COULD ONE DIRECTION FINALLY MEAN “DOWN”?: After three weeks of Swift dominance, One Direction’s Four hits Number One with 387,000 sales, making it the year’s second-biggest debut. But buried within this happy holiday news is a darker trend. The previous One Direction album, last year’s Midnight Memories, sold 546,000,copies and Billboard‘s retail experts had predicted a debut week total of 420,000. Maybe One Direction is preparing to pass the boy-band baton to 5 Seconds of Summer — conspicuously, 1D has zero singles on the Digital Songs chart or iTunes’ Top Songs.
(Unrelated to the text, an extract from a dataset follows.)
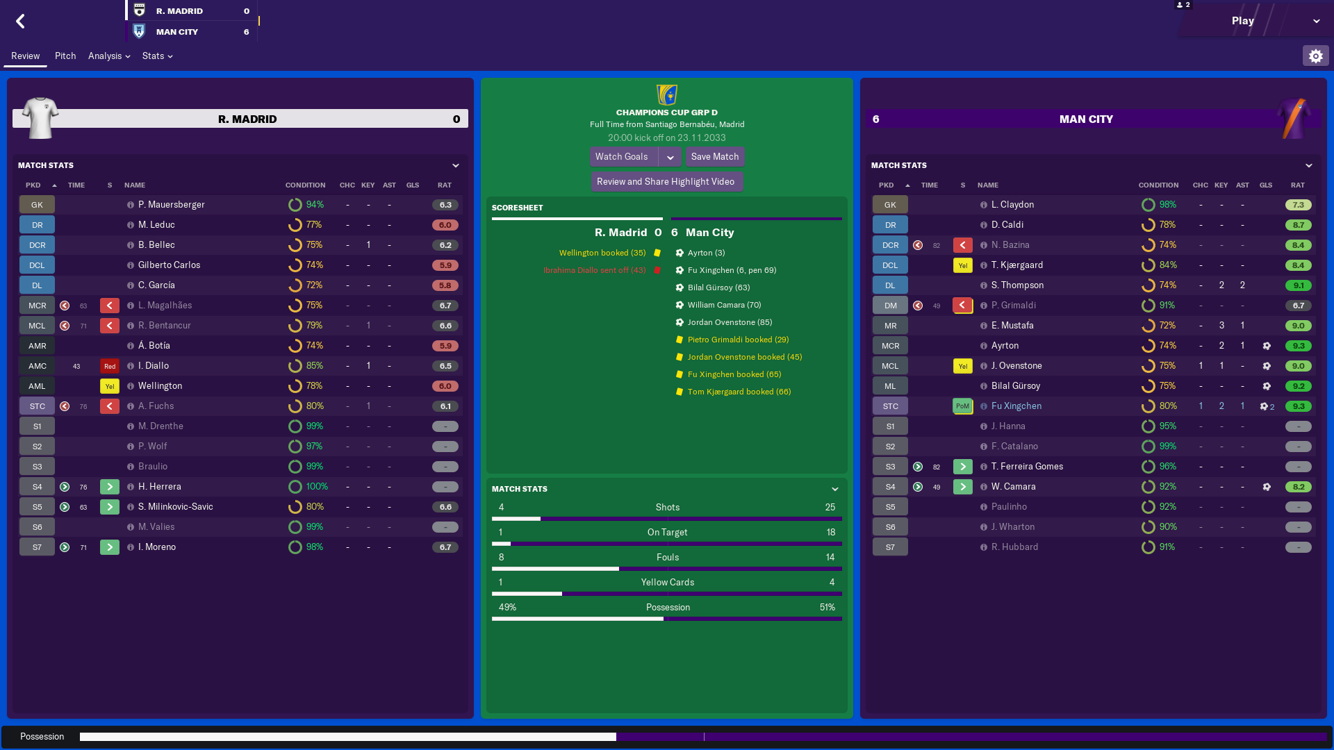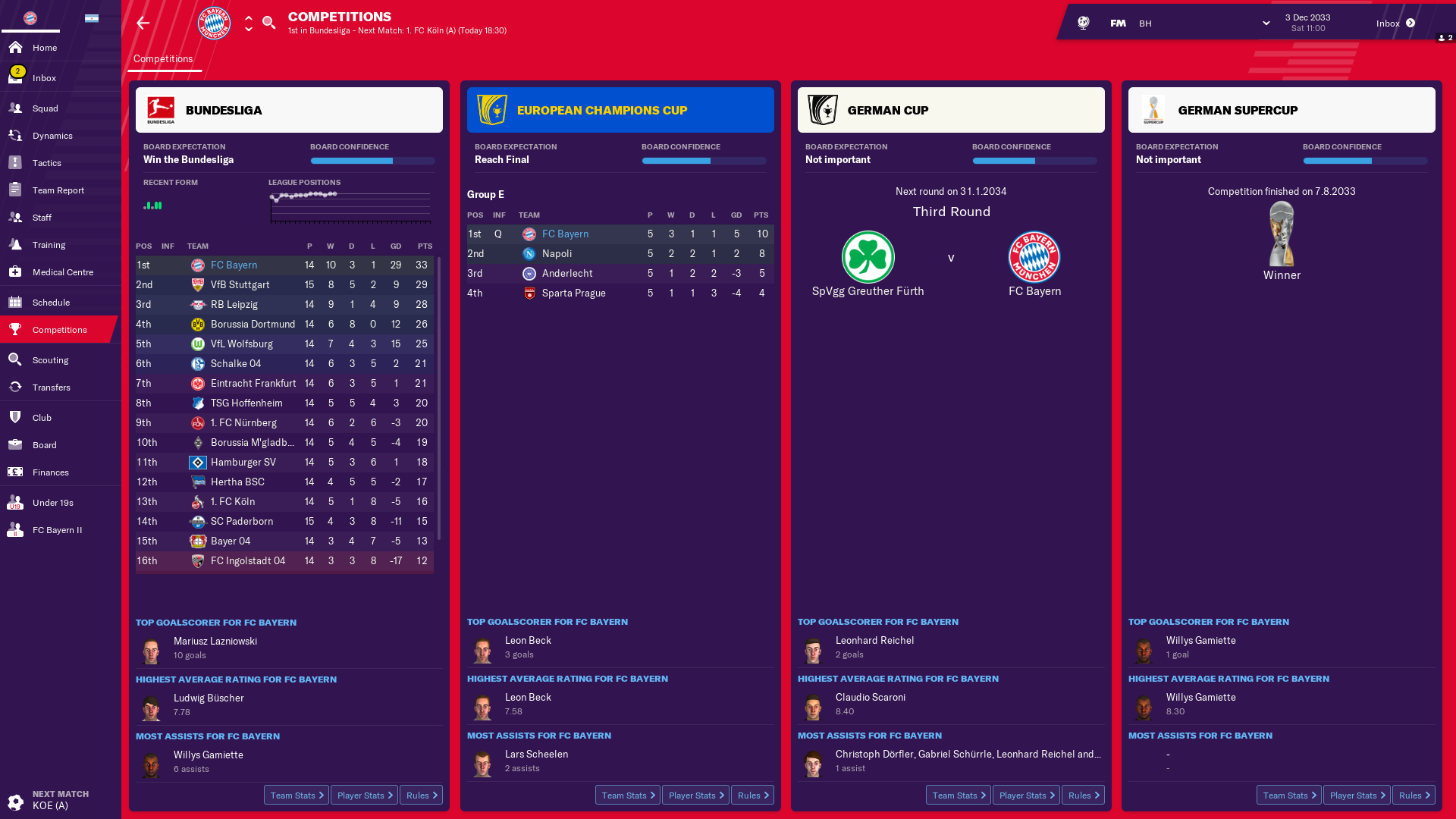 It’s not been perfect but having managed a team in the Bundesliga it’s a league that can easily be dominated by Bayern. Currently four points clear, with a game in hand on second placed Stuttgart. Dortmund haven’t lost yet but they also draw loads of games 0-0 because the manager is a defence-minded asshole (Bruno Genesio, the twat from PSG). I bet the fans can’t stand him. Champion’s League there was a minor complication away at Napoli but otherwise an easy enough qualification for the knock outs.

WHY IS “JULIO, GET THE STRETCH!” NOT A RINGTONE ALREADY?: Rather than concentrating on the depressing return of post-grunge to the album charts (Nickelback‘s No Fixed Address sold 80,000 copies and made its debut at Number Four), I’d like to direct your attention to the welcome return of Seventies-style funk to the singles charts. “Uptown Funk,” in which bandleader Mark Ronson and pop star Bruno Mars channel Kool and the Gang and Tower of Power, jumps from Number 18 to Number Three on the Digital Songs chart, selling 111,000 copies (an increase of 107 percent). Somebody timed this surge perfectly — the video posted on Vevo last week, days before Mars and Ronson performed it on “Saturday Night Live.” It has nearly 6 million views.
TAYLOR SWIFT WATCH: “What’s with the slew of Taylor Swift articles lately?” asks a friend. Well, in addition to being 2014’s biggest pop star by far, she makes irresistible moves for us music-business reporters, pulling her catalog from Spotify and declaring repeatedly that music shouldn’t be free. Would free Spotify streaming have cannibalized her album sales? It’s hard to say. The album has sold more than 2.21 million copies so far, making it the year’s biggest-selling album, although last year’s Frozen soundtrack has sold 3.27 million in 2014. But Swift may want to think about recharging 1989 with a splashy Spotify return; the album loses 32 percent in sales and drops to Number Two.